* What is expected
No pictures belong in the copy. Restate the rest of the data exactly.

* Source material

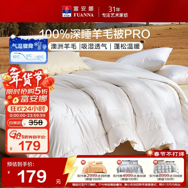 自营富安娜×京东定制羊毛被100%澳洲羊毛冬被双人保暖冬季被芯203×229cm
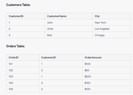 Let’s write a query to retrieve customer names from the "customers" table for customers who have placed orders with an amount greater than 100 in the "orders" table.
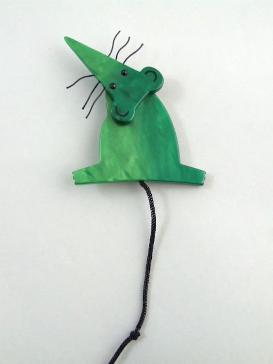 French vintage galalith art deco mouse brooch with cord tail and wire whiskers. Fitted with a roll safety clasp and signed to the rear.

* Result
 自营富安娜×京东定制羊毛被100%澳洲羊毛冬被双人保暖冬季被芯203×229cm
 Let’s write a query to retrieve customer names from the "customers" table for customers who have placed orders with an amount greater than 100 in the "orders" table.
 French vintage galalith art deco mouse brooch with cord tail and wire whiskers. Fitted with a roll safety clasp and signed to the rear.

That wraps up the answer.